== Segment start ==
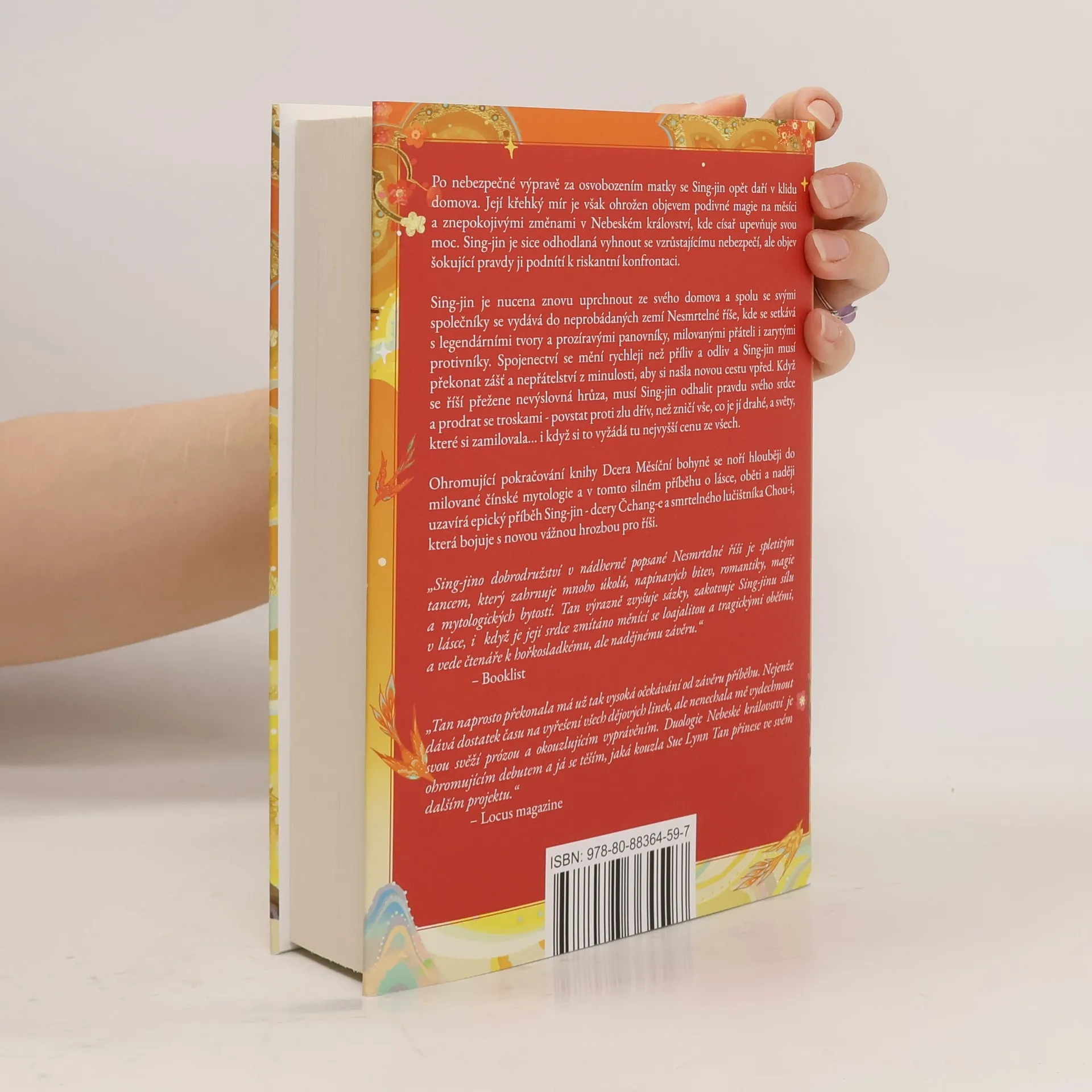 Po nebezpečné výpravě za osvobozením matky se Sing-jin opět daří v klidu domova. Její křehký mír je však ohrožen objevem podivné magie na měsíci a znepokojivými změnami v Nebeském království, kde císař upevňuje svou moc. Sing-jin je sice odhodlaná vyhnout se vzrůstajícímu nebezpečí, ale objev šokující pravdy ji podnítí k riskantní konfrontaci. Sing-jin je nucena znovu uprchnout ze svého domova a spolu se svými společníky se vydává do neprobádaných zemí Nesmrtelné říše, kde se setkává s legendárními tvory a prozíravými panovníky, milovanými přáteli i zarytými protivníky. Spojenectví se mění rychleji než příliv a odliv a Sing-jin musí překonat zášť a nepřátelství z minulosti, aby si našla novou cestu vpřed. Když se říší přežene nevýslovná hrůza, musí Sing-jin odhalit pravdu svého srdce a prodrat se troskami - povstat proti zlu dřív, než zničí vše, co je jí drahé, a světy, které si zamilovala... i když si to vyžádá tu nejvyšší cenu ze všech. Ohromující pokračování knihy Dcera Měsíční bohyně se noří hlouběji do milované čínské mytologie a v tomto silném příběhu o lásce, oběti a naději uzavírá epický příběh Sing-jin - dcery Čchang-e a smrtelného lučištníka Chou-i, která bojuje s novou vážnou hrozbou pro říši.
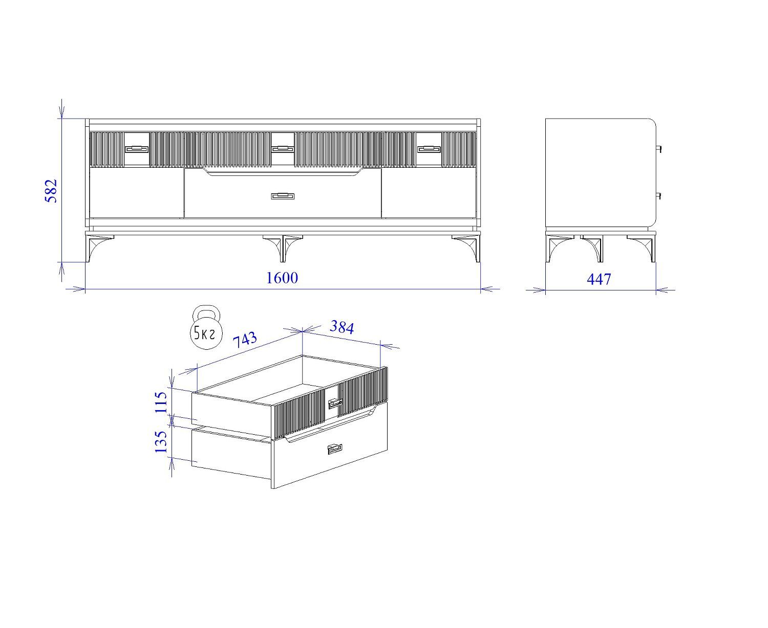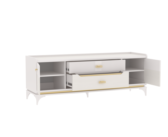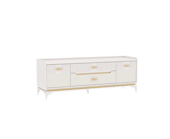 Тумба под ТВ коллекции Сиде Белая достаточно вместительная, выполнена в классическом стиле.
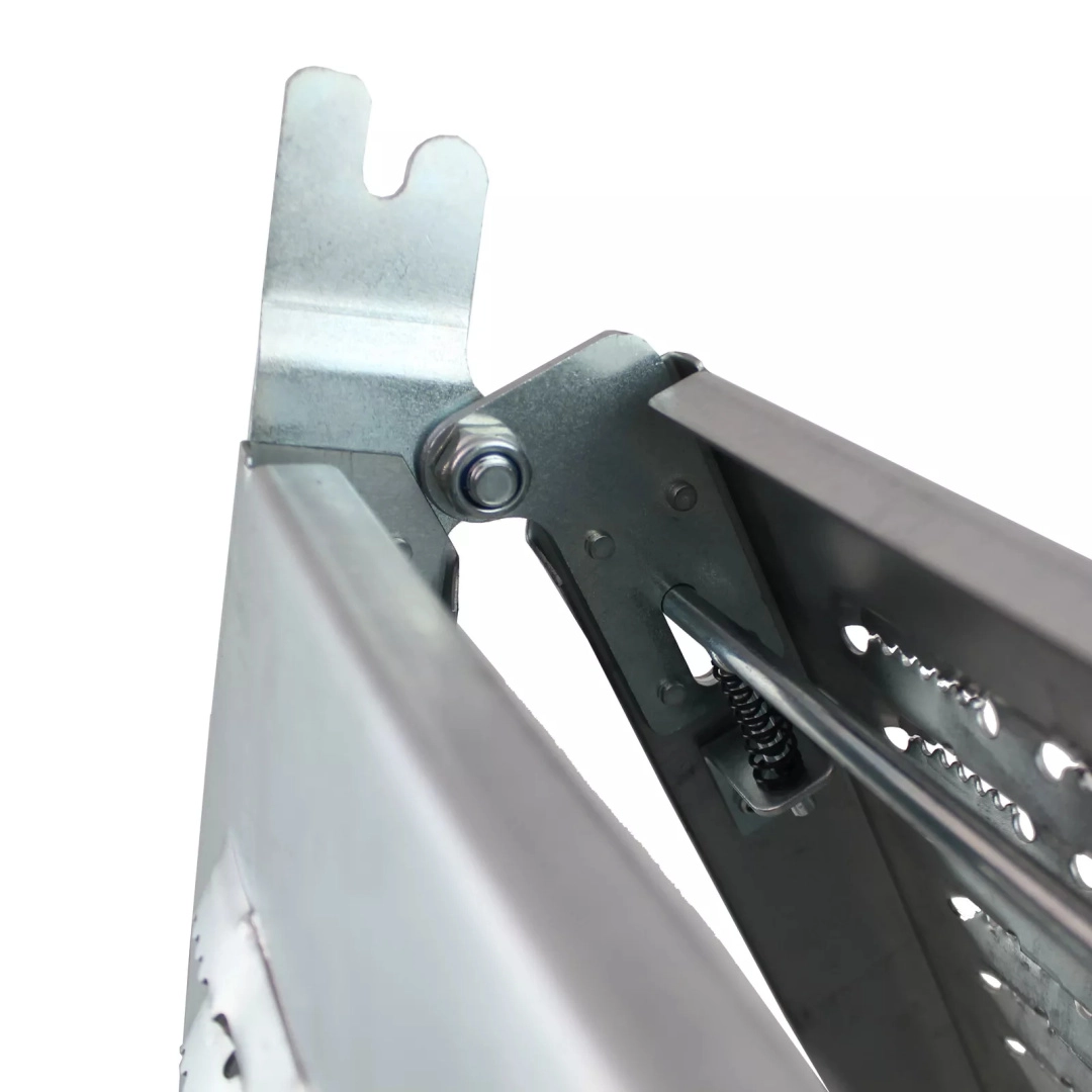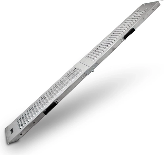 Vďaka robustnému pántu sa rampa rýchlo zloží zo 180 cm na 90 cm. Zámok a pevné nity zabezpečujú bezpečné používanie aj dlhú životnosť.
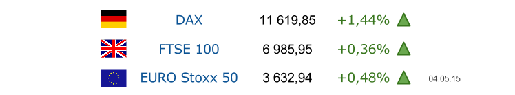 Фондовые биржи Европы завершили торги 4 мая ростом на фоне сильной статистики. Так, индекс производственного сектора еврозоны в апреле составил 52 п., что на 0,1 п. выше прогноза, а апрельский индекс деловой активности в промышленности Германии достиг 52,1 п., тогда как ожидалось значение 51,9 п.
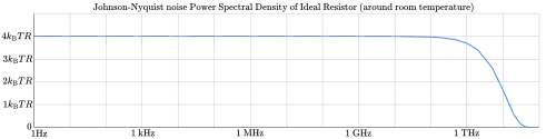 Figure 2. Johnson–Nyquist noise has a nearly a constant 4kBTR power spectral density per unit of frequency, but does decay to zero due to quantum effects at high frequencies (terahertz for room temperature). This plot's horizontal axis uses a log scale such that every vertical line corresponds to a power of ten of frequency.
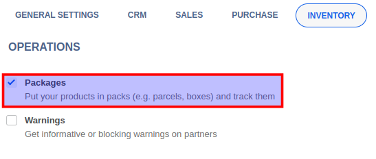 To manage packagings enable the Delivery Packages setting from the Inventory app -> Configuration -> Settings page.
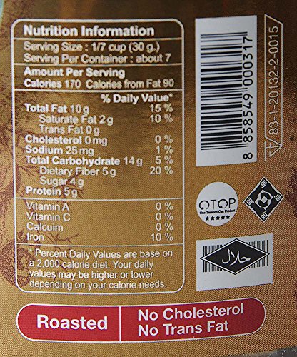 -. Feature : Unfried. Roasted in small batches with no added oil! Free of chemical preservatives and flavor enhancers. / Vegan. Zero % cholesterol, full of healthy unrefined mono-unsaturated fats good for your health. No trans fat, all natural. / Helps absorb fat soluble vitamins and nutrients. Rich in B vitamins, K, folate, copper, magnesium and iron / GMP certified. Quality guaranteed. Halal / Conveniently packed in canisters of 7 ounces. Easy to carry around.
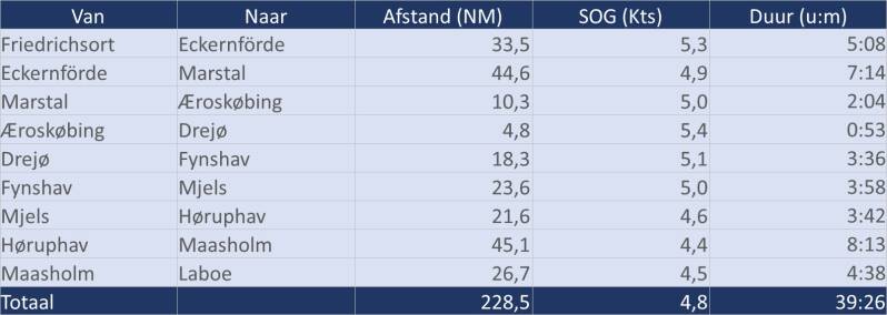 Afstand door het water: 228,5 NM; Duur: 39 uur en 26 minuten; Gemiddelde snelheid: 4,8 Kts
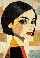 Vrouwenportret - Dit vrouwen schilderij toont een geabstraheerd portret van een vrouw met een samenspel van geometrische vormen en een rijk kleurenpalet, waarbij de expressieve ogen en rode lippen direct de aandacht trekken.
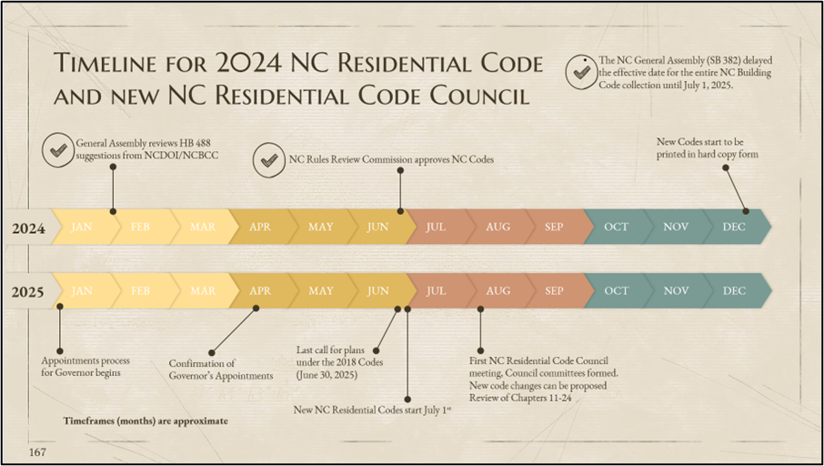 SB 382 (Disaster Relief-3/Budget/Various Law Changes) delayed the effective date of both the commercial and residential codes until July 1, 2025. This means you can apply for a permit under the current 2018 NC Codes until the close of business on June 30, 2025, and complete your project using those codes. However, if you prefer, you may choose to use the new 2024 NC Codes as an alternative.
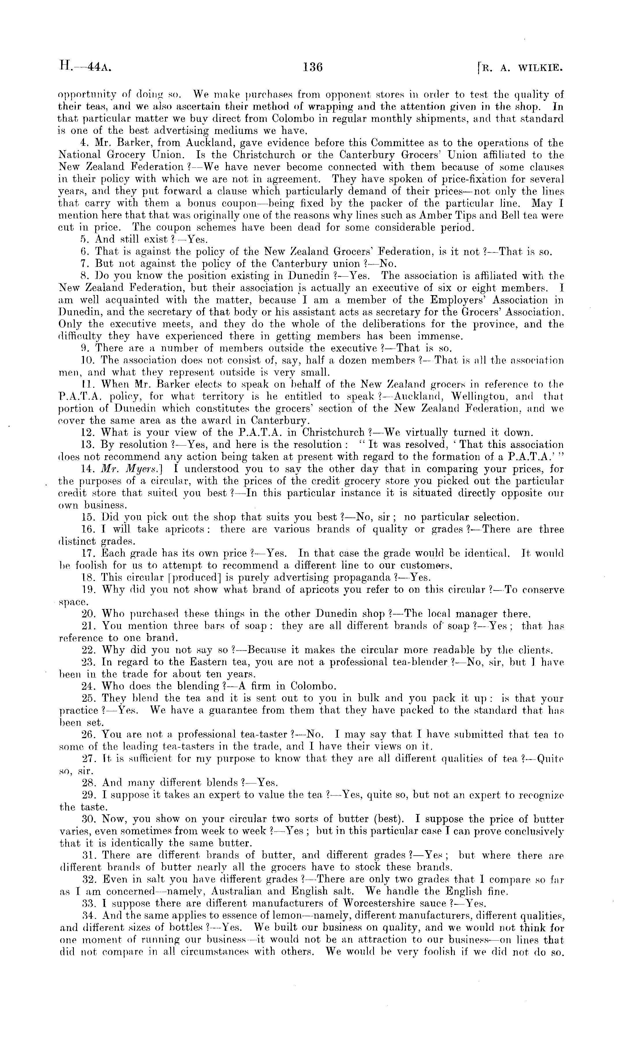 opportunity of doing so. We make purchases from opponent stores in order to test the quality of their teas, and we also ascertain their method of wrapping and the attention given in the shop. In that particular matter we buy direct from Colombo in regular monthly shipments, and that standard is one of the best advertising mediums we have. 4. Mr. Barker, from Auckland, gave evidence before this Committee as to the operations of the National Grocery Union. Is the Christchurch or the Canterbury Grocers' Union affiliated to the New Zealand Federation ? —We have never become connected with them because of some clauses in their policy with which we are not in agreement. They have spoken of price-fixation for several years, and they put forward a clause which particularly demand of their prices—not only the lines that carry with them a bonus coupon—being fixed by the packer of the particular line. May I mention here that that was originally one of the reasons why lines such as Amber Tips and Bell tea were cut in price. The coupon schemes have been dead for some considerable period. 5. And still exist ? —Yes. 0. That is against the policy of the New Zealand Grocers' Federation, is it not ? —That is so. 7. But not against the policy of the Canterbury union ? —No. 8. Do you know the position existing in Dunedin ? —Yes. The association is affiliated with the New Zealand Federation, but their association is actually an executive of six or eight members. I am well acquainted with the matter, because I am a member of the Employers' Association in Dunedin, and the secretary of that body or his assistant acts as secretary for the Grocers' Association. Only the executive meets, and they do the whole of the deliberations for the province, and the difficulty they have experienced there in getting members has been immense. 9. There are a number of members outside the executive ? —That is so. 10. The association does not consist of, say, half a dozen members ?— That is all the association men, and what they represent outside is very small. 11. When Mr. Barker elects to speak on behalf of the New Zealand grocers in reference to the P.A.T.A. policy, for what territory is he entitled to speak ? —Auckland, Wellington, and that portion of Dunedin which constitutes the grocers' section of the New Zealand Federation, and we cover the same area as the award in Canterbury. 12. What is your view of the P.A.T.A. in Christchurch ? —We virtually turned it down. 13. By resolution ? —Yes, and here is the resolution : "It was resolved, ' That this association does not recommend any action being taken at present with regard to the formation of a P.A.T.A.' " 14. Mr. Myers.\ I understood you to say the other day that in comparing your prices, for the purposes of a circular, with the prices of the credit grocery store you picked out the particular credit store that suited you best ?- In this particular instance it is situated directly opposite our own business. 15. Did you pick out the shop that suits you best ?■ —No, sir ; no particular selection. 1.6. T will take apricots: there are various brands of quality or grades?— There are three distinct grades. 17. Each grade has its own price ?—Yes. In that case the grade would be identical. It would be foolish for us to attempt to recommend a different line to our customers. 18. This circular [produced] is purely advertising propaganda ?- —Yes. 19. Why did you not show what brand of apricots you refer to on this circular ? —To conserve space. 20. Who purchased these things in the other Dunedin shop ? —The local manager there. 21. You mention three bars of soap : they are all different brands of soap ?—Yes; that has reference to one brand. 22. Why did you not say so ? —Because it makes the circular more readable by the clients. 23. In regard to the Eastern tea, you are not a professional tea-blender ?■ —No, sir, but I have been in the trade for about ten years. 24. Who does the blending ? —A firm in Colombo. 25. They blend the tea and it is sent out to you in bulk and you pack it up : is that your practice ? —Yes. We have a guarantee from them that they have packed to the standard that has been set. 26. You are not a professional tea-taster ?—No. I may say that I have submitted that tea to some of the leading tea-tasters in the trade, and I have their views on it. 27. It is sufficient for my purpose to know that they are all different qualities of tea ? —Quite so, sir. 28. And many different blends ? —Yes. 29. I suppose it takes an expert to value the tea ? —Yes, quite so, but not an expert to recognize the taste. 30. Now, you show on your circular two sorts of butter (best). I suppose the price of butter varies, even sometimes from week to week ? —Yes ; but in this particular case I can prove conclusively that it is identically the same butter. 31. There are different brands of butter, and different grades?— Yes; but where there are different brands of butter nearly all the grocers have to stock these brands. 32. Even in salt you have different grades ?—There are only two grades that ] compare so far as I am concerned —namely, Australian and English salt. We handle the English fine. 33. I suppose there are different manufacturers of Worcestershire sauce ?-—Yes. 34. And the same applies to essence of lemon—namely, different manufacturers, different qualities, and different sizes of bottles ? —Yes. We built our business on quality, and we would not think for one moment of running our business- it would not be an attraction to our business-—on lines that did not compare in all circumstances with others. We would be very foolish if we did not do so.
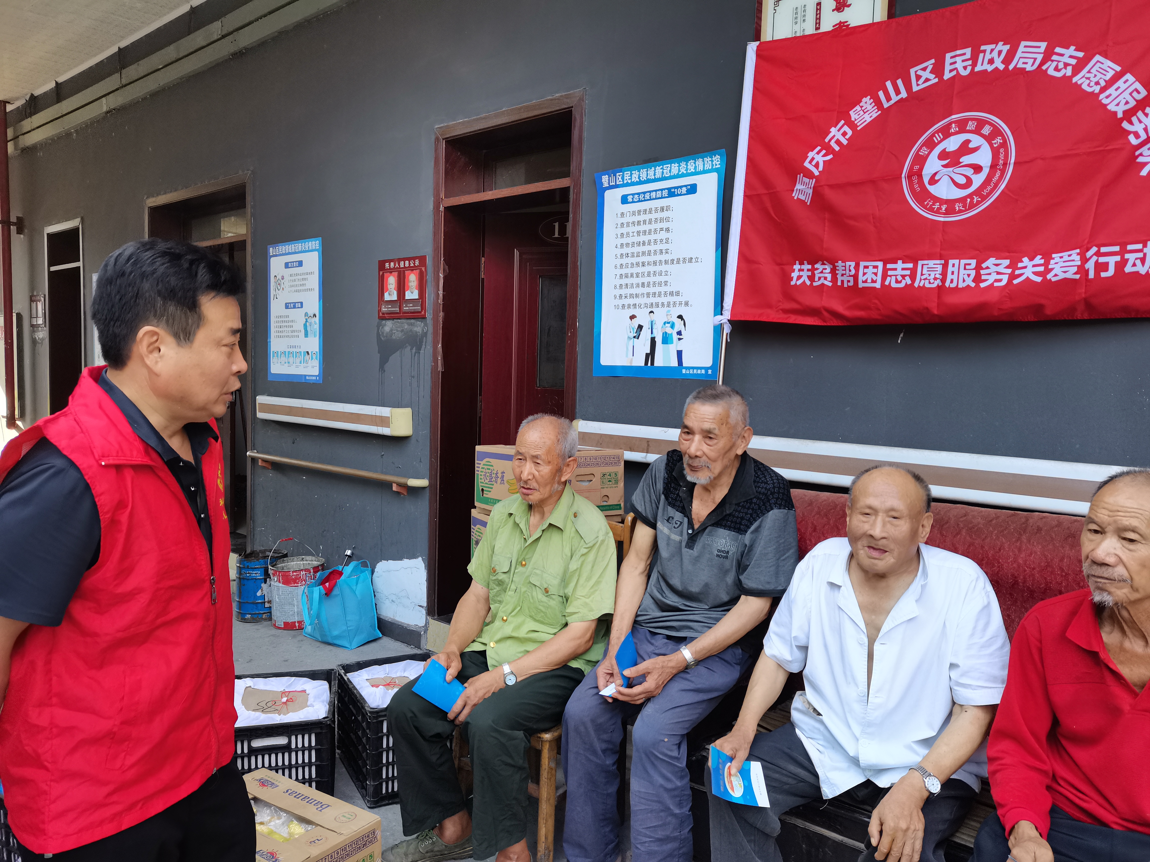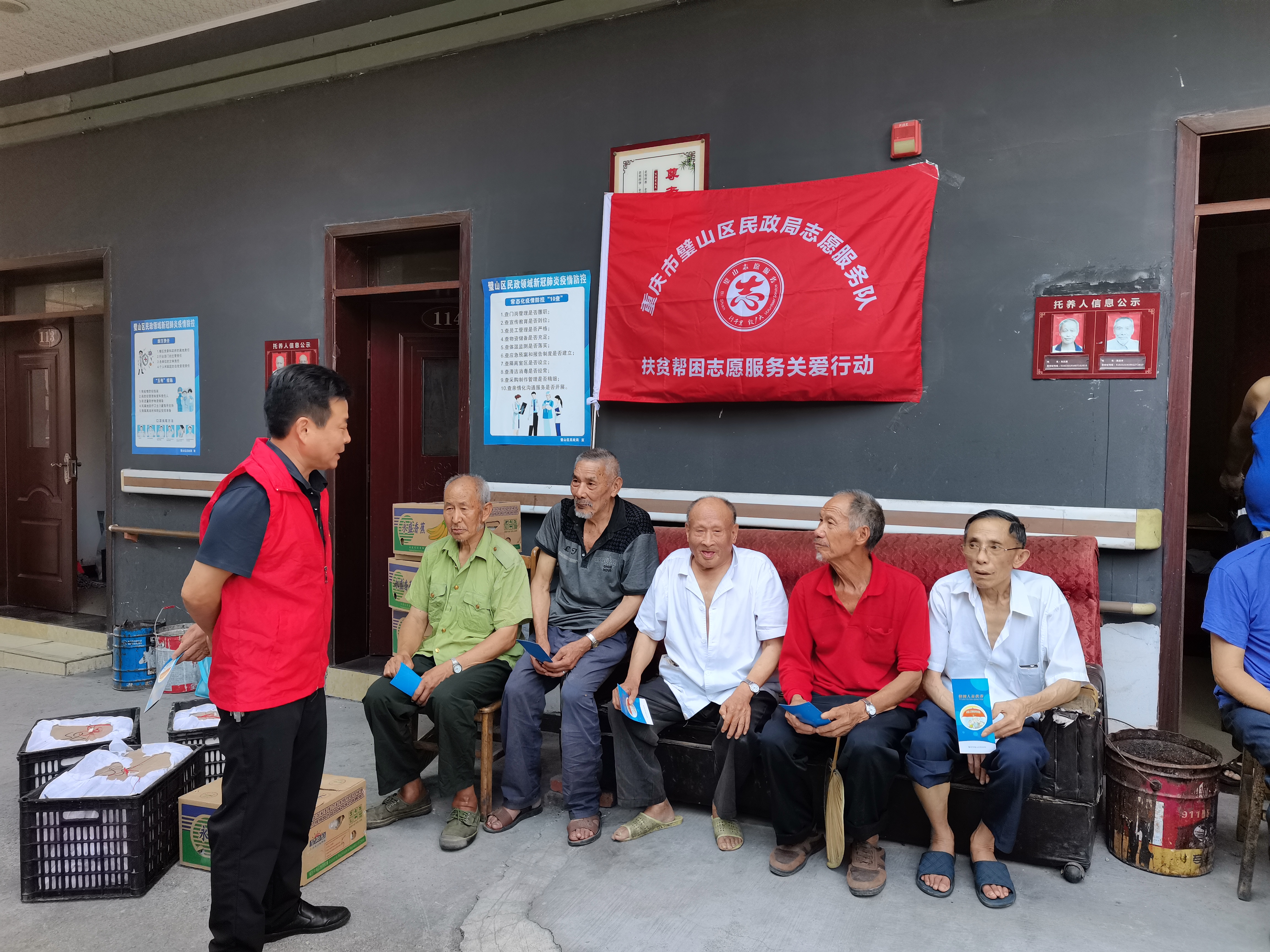 2021年9月26日,璧山区民政局分管副局长带队前往璧山区来凤街道敬老院,向在院集中供养的68位特困老人送去了时令水果,并就特困供养人员关注的生活、医疗等民政领域社会救助政策进行宣讲。
== Segment end ==
EXERCISE DESCRIPTION - Would you write out exactly the lines above, starting at the line containing "-. Feature : Unfried." and stopping after the line containing "Afstand door het"? Omit the pictures.

RESPONSE TO THIS EXERCISE -
 -. Feature : Unfried. Roasted in small batches with no added oil! Free of chemical preservatives and flavor enhancers. / Vegan. Zero % cholesterol, full of healthy unrefined mono-unsaturated fats good for your health. No trans fat, all natural. / Helps absorb fat soluble vitamins and nutrients. Rich in B vitamins, K, folate, copper, magnesium and iron / GMP certified. Quality guaranteed. Halal / Conveniently packed in canisters of 7 ounces. Easy to carry around.
 Afstand door het water: 228,5 NM; Duur: 39 uur en 26 minuten; Gemiddelde snelheid: 4,8 Kts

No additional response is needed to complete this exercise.